YAML Metadata Warning:empty or missing yaml metadata in repo card

Check out the documentation for more information.

Korean Claim Detection Model for Fact-Checking

모델 소개 (Model Description)

이 모델은 한국어 문장에서 팩트체크가 필요한 주장(claim)을 자동으로 탐지하는 이진 분류 모델입니다.

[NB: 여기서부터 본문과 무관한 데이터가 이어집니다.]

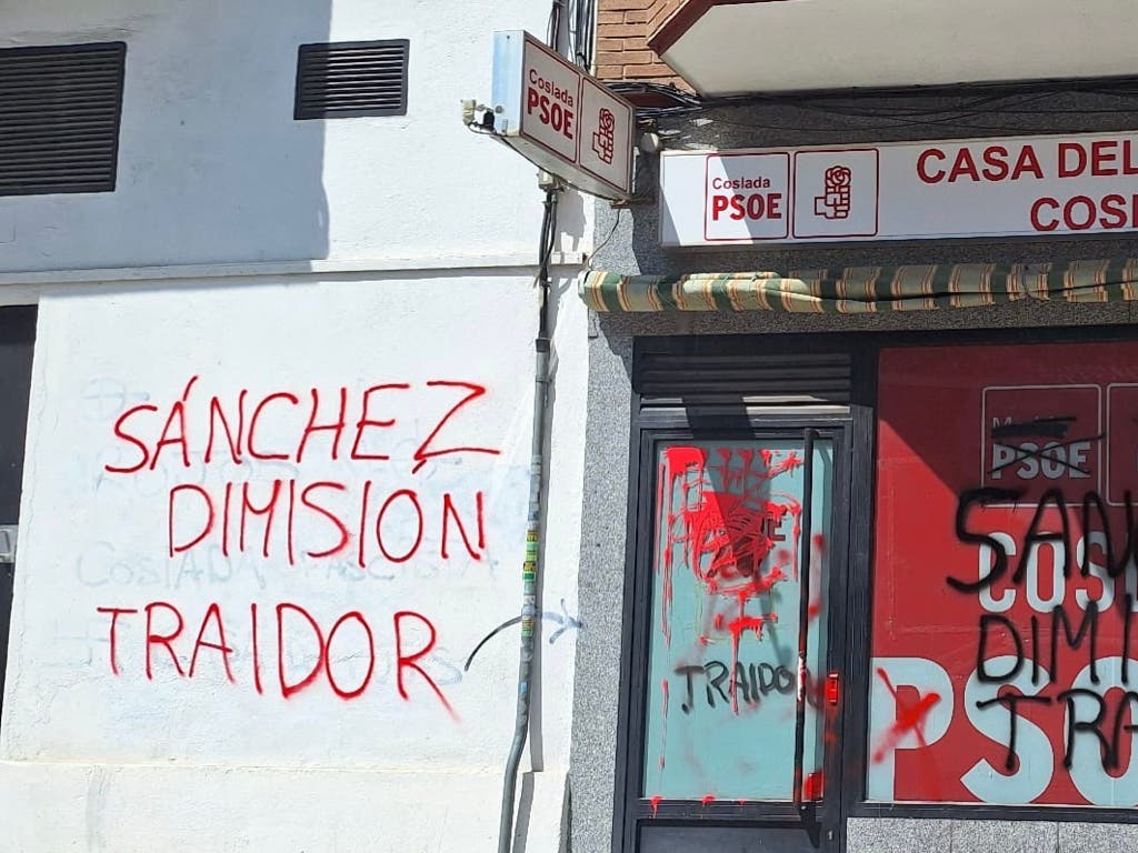 La sede del PSOE de Coslada ha vuelto a ser objeto de un acto de vandalismo. En la fachada de la Casa del Pueblo han aparecido pintadas con mensajes como «Sánchez, dimisión» y «traidores», según ha denunciado el partido en una nota de prensa.
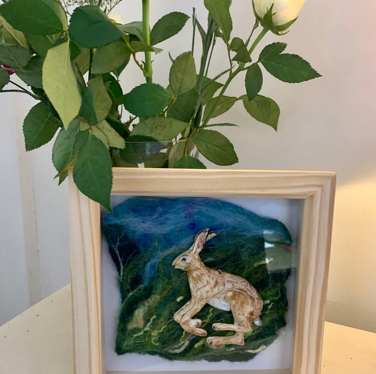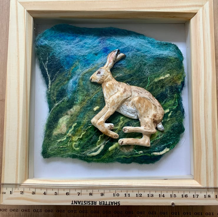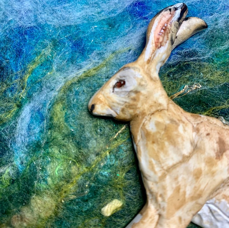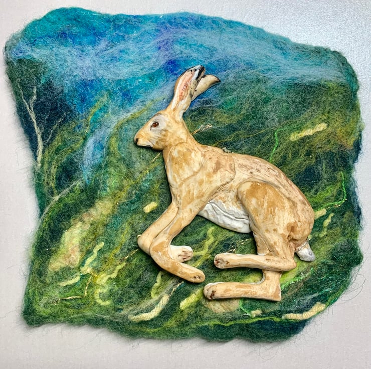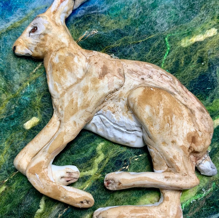 The hare is hand sculpted and painted polymer clay and stitched onto the background.
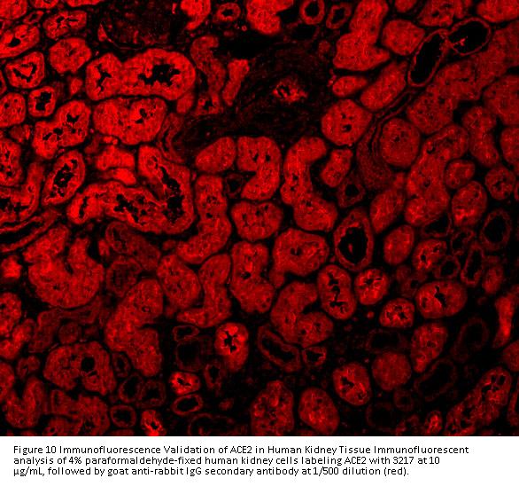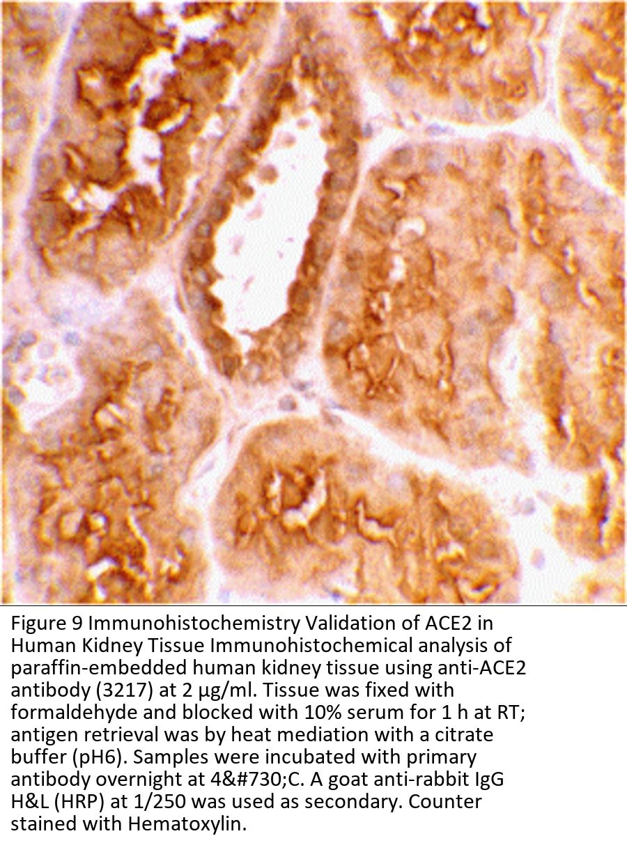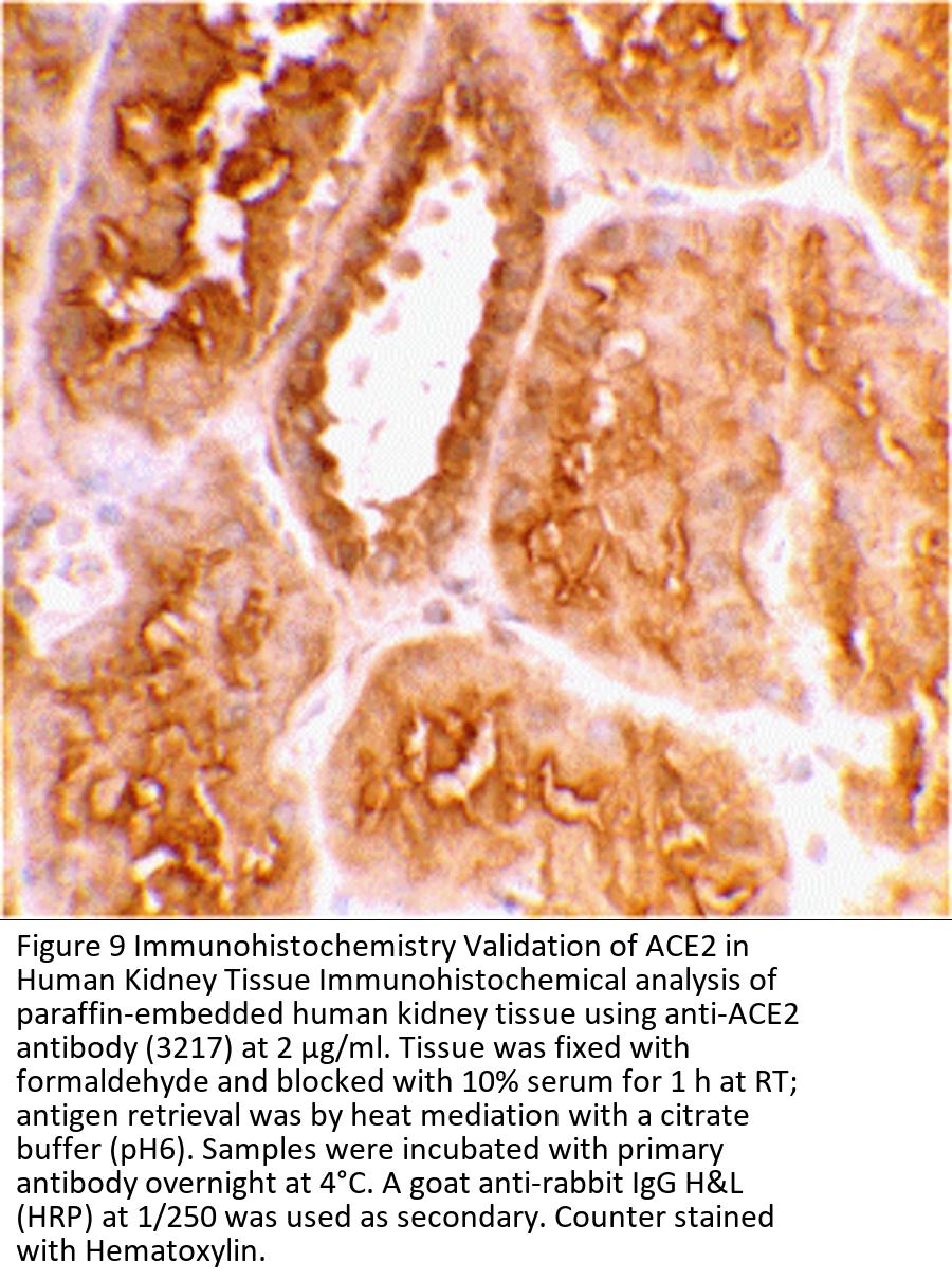 Independent Antibody Validation in Cell lines (Figure 1) shows similar ACE2 expression profile in human cell lines detected by three independent anti-ACE2 antibodies that recognize different epitopes, 3215 against central domain, 3217 against C-terminus domain and 3227 against N-terminus domain. ACE2 proteins are detected in the most tested tissues at different expression levels by three independent antibodies.

뉴스 기사, 정치 토론, 소셜 미디어 게시물 등에서 검증이 필요한 주장을 식별하여, 팩트체킹 워크플로우의 첫 단계를 자동화할 수 있습니다.

This model automatically detects claims that require fact-checking in Korean sentences. It can identify verifiable claims in news articles, political debates, and social media posts, automating the first step of the fact-checking workflow.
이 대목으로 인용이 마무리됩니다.